-- TASK BRIEF --
Set down the data again word for word. Skip any pictures.

-- SOURCE MATERIAL --

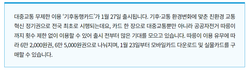 2024년 1월 27일부터 서울시 대중교통 무제한 이용권인 '기후동행카드'가 첫 선을 보입니다. 2004년 서울에서 처음 출시돼 전국 교통체계 표준이 된 '수도권 통합환승제'에 이어 기후와 교통환경 변화에 맞춘 친환경 교통혁신 정기권으로 전국 최초로 시행됩니다.
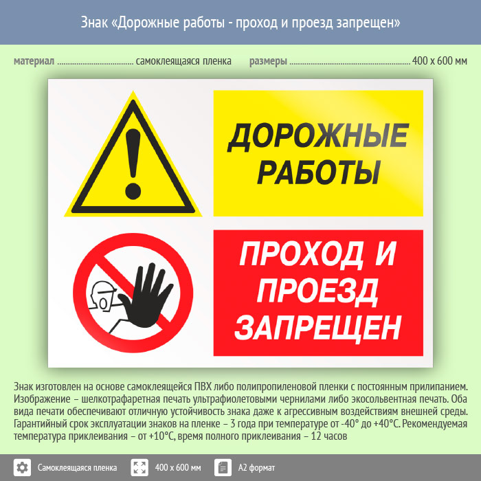 Знак «Дорожные работы - проход и проезд запрещен», КЗ-20 (пленка, 600х400 мм) в Кашире купить
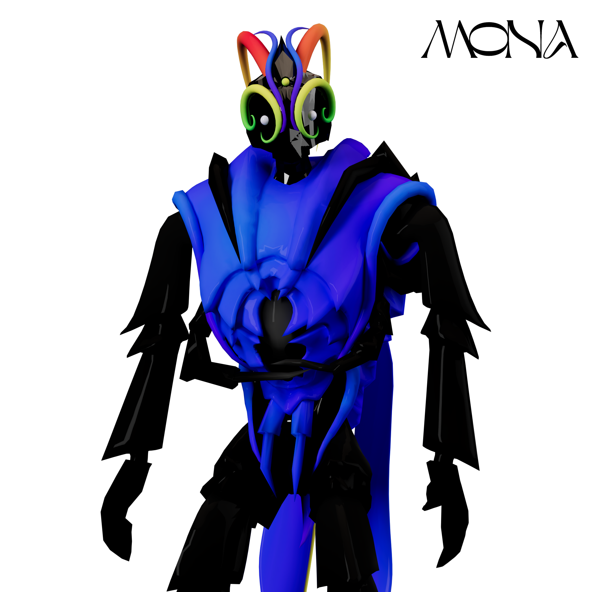 Mason’s avatar, Indigo Thornbug, is an exploration of biomimicry. The avatar is an insect pretending to be a human, with hidden features on her body. We asked Mason more about Indigo Thornbug, and how he came to be a self-proclaimed “Metaverse maximalist.”
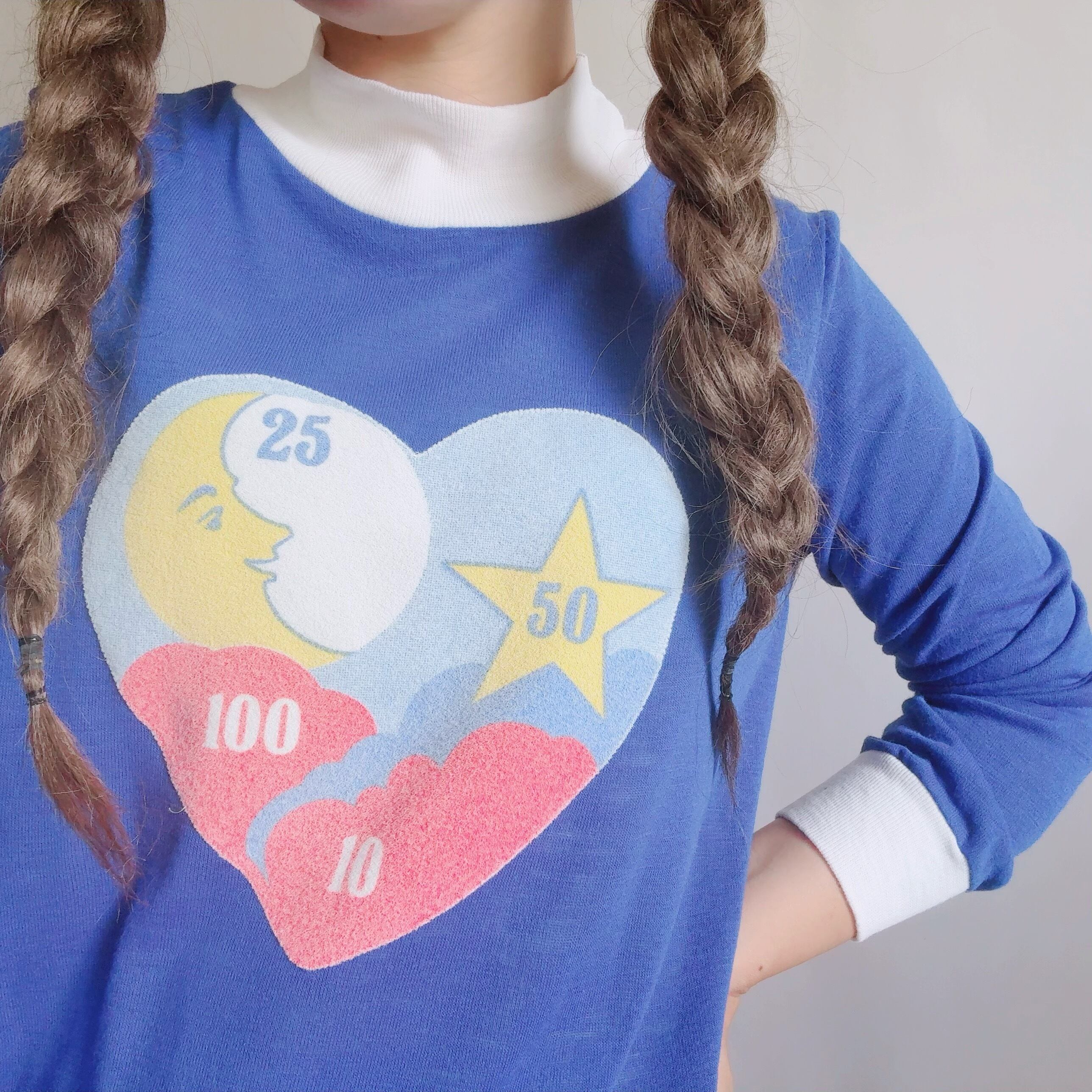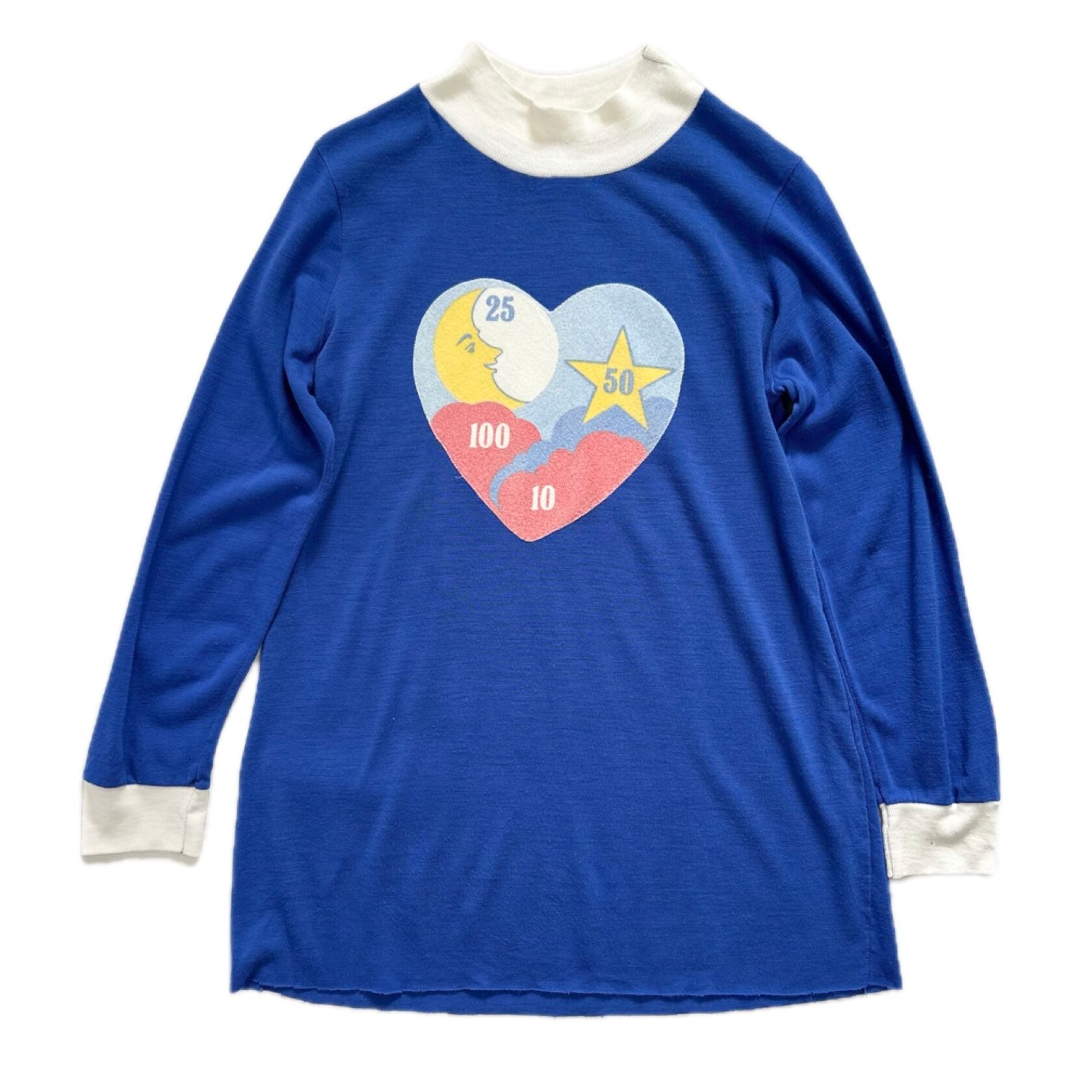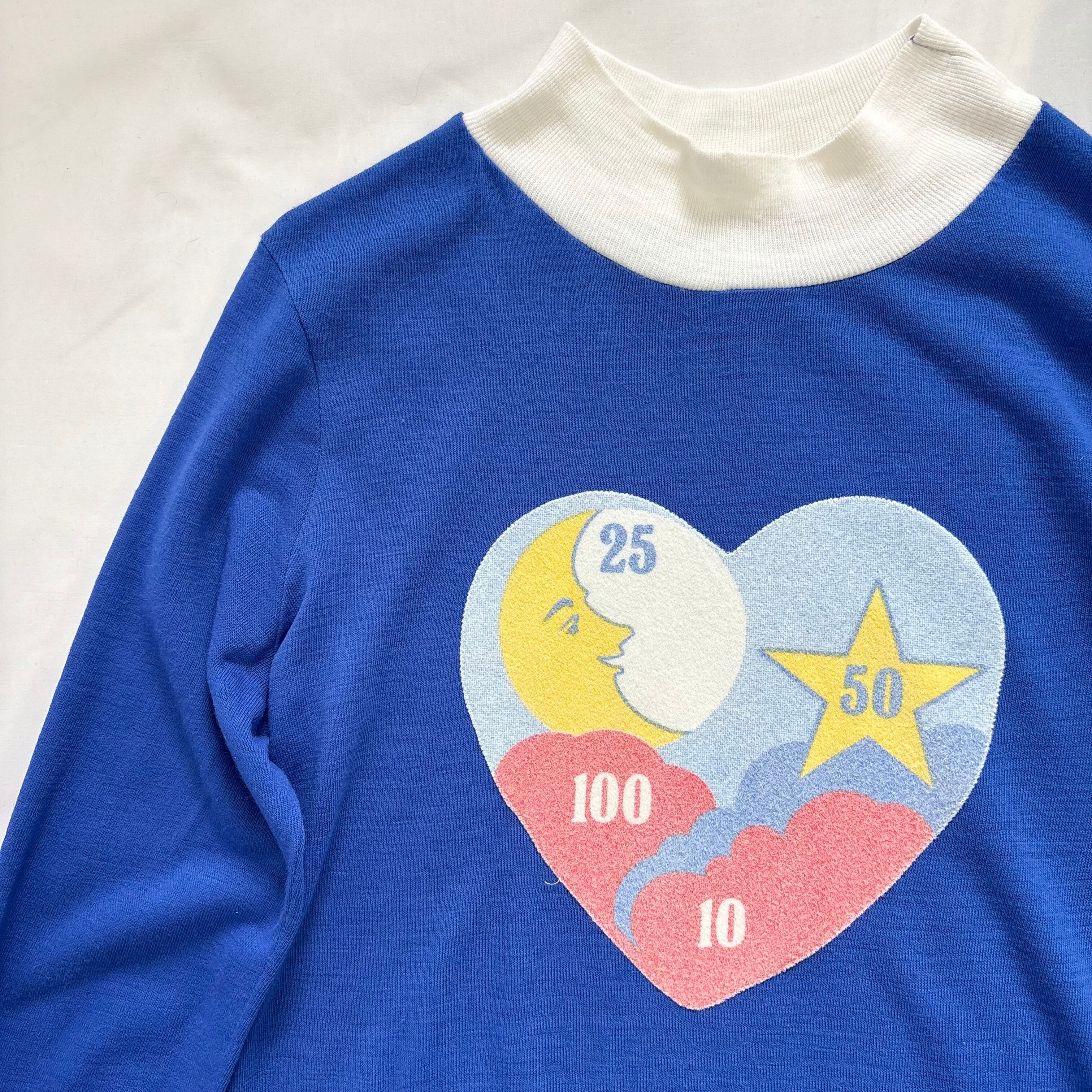 鮮やかなブルーに、ハートモチーフのレトロポップなプリントが映える一枚です!

-- ANSWER TO THIS EXERCISE --
 2024년 1월 27일부터 서울시 대중교통 무제한 이용권인 '기후동행카드'가 첫 선을 보입니다. 2004년 서울에서 처음 출시돼 전국 교통체계 표준이 된 '수도권 통합환승제'에 이어 기후와 교통환경 변화에 맞춘 친환경 교통혁신 정기권으로 전국 최초로 시행됩니다.
 Знак «Дорожные работы - проход и проезд запрещен», КЗ-20 (пленка, 600х400 мм) в Кашире купить
 Mason’s avatar, Indigo Thornbug, is an exploration of biomimicry. The avatar is an insect pretending to be a human, with hidden features on her body. We asked Mason more about Indigo Thornbug, and how he came to be a self-proclaimed “Metaverse maximalist.”
 鮮やかなブルーに、ハートモチーフのレトロポップなプリントが映える一枚です!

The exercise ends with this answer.